There is a bigger story to be told about it, one I thought I would continue to tell here, at MWAC, for it fits so perfectly with the retention-for-action lesson we have set our sights on learning recently (as in the Preface Box above): "People should learn Less More, and not More Less"—Know Can Do!
I start my JJL ALAWB review this way:
Just like people, books can come to us in a number of different ways. Sometimes, you get both books and people at the same time. Throw in a three-day immersion retreat type of conference with the author and about twenty other women, and that was my story with Trade Up! Five Steps for Redesigning Your Leadership and Life from the Inside Out by Rayona Sharpnack.
When I start my coaching work with new clients, I ask them about people they consider to be their mentors: Knowing who they are and why they are esteemed as a mentor will provide me with significant clues to the present-day state of my prospective client's thinking. Invariably, much conversation also ensues about the kind of relationship they thrive in with a coach or mentor.
In one of these conversations about a year ago Rayona Sharpnack's name came up...
Trade Up! to “Meet yourself in a new place.”
It would turn out that I would eventually meet Rayona Sharpnack, author of Trade Up!
Just last month I attended a three-day immersion workshop based on her coaching for "trading up" via "context shifting." Rayona did not pussy-foot around with giving me her expectations in a pre-session coaching call about a month beforehand: She told me that within her course, I would be challenged to "forge a new future for Hawai‘i and the world." Exactly 28 days later she wrote down her challenge again in her inscription when signing my book. It was day one of the workshop.

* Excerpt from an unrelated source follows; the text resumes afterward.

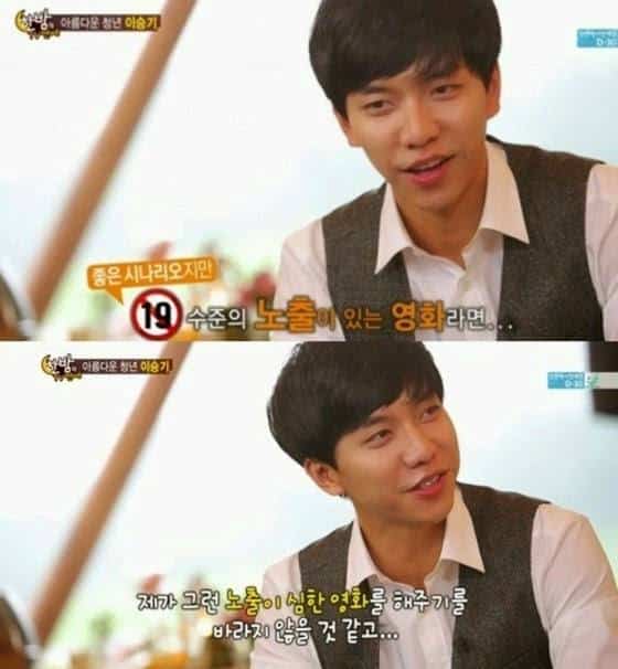 Muhabir sordu, “Çekimde bazı maruziyet sahneleri yapmak için teklif alırsan ne yapacaksın?” Lee Seung Gi, “Henüz bunu yapmak için hazır değilim sanırım.” şeklinde yorumladı.
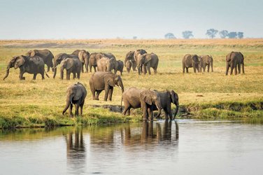 2ᴱ JOUR: Victoria Falls–Parc national de Chobe. Vous quitterez Victoria Falls pour vous rendre à la frontière du Botswana. Bronze: départ pour le célèbre parc national de Chobe, où vous ferez l'après-midi un safari dans le parc à la recherche des éléphants. Silver: à Kasane, vous montez à bord d'un petit avion qui vous transporte dans la région de Savuti. Selon l'heure d'arrivée, le reste de la journée est libre. Nuitée bronze Chobe Bush Lodge ou sim. (PdDS), silver Ghoha Hills Savuti Lodge ou sim. (PdDS)

Most immersion/retreat type workshops tout this common goal: They intend to have you walk into their event as a certain kind of person, and then experience a transformational experience with them, one from which you will then walk away as a new person, and one of their newly converted evangelists. Rayona Sharpnack's Institute for Women's Leadership doesn't state this with blatant bravado and certainty, however they do willingly share endorsements mentioning the possibility. If the ranks of their Alumni groups, and the excitement of the twenty women taking the course with me are and were any indication, it appears their success rate may be pretty high.
This made me all the more intrigued: Excitement just after a workshop or seminar is not unusual, in fact, if the presenters are worth their salt at all, it is the norm. Immersion retreats can add to learning comprehension and retention probability because they shut out life's competing distractions. But what would happen weeks, and months later?

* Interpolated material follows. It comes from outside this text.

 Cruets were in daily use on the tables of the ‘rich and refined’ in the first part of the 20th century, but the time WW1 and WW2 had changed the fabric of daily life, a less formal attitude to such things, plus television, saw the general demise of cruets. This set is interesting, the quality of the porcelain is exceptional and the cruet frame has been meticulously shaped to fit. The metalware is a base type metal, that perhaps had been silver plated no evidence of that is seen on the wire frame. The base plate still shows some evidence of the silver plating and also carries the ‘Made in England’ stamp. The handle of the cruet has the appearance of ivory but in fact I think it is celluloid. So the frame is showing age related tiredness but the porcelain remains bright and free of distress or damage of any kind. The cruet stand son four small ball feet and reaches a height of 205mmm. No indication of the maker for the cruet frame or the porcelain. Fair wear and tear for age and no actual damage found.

Second, is there a larger knowing-doing gap with Trade Up! if you don't have the benefit of the workshop? This also would seem rather normal (admittedly that is also the case with my own Managing with Aloha book versus workshop retention). How can the book alone be just as effective?
You can probably tell where I was going with my mental gymnastics: Seemed to me that Trade Up! would be a good candidate to weave into our Know Can Do! study as our spaced repetition* candidate number two.
So what is Trading Up?
I ask you to click over to Joyful Jubilant Learning for my book review of Trade Up!, for that's where you will find the run-down of those "5 Steps for Redesigning Your Leadership and Life from the Inside Out." (Right click and open in a new window to keep the articles side by side).
Here on MWAC we'll focus on the learning retention we can achieve with Trade Up! as another of our triggers.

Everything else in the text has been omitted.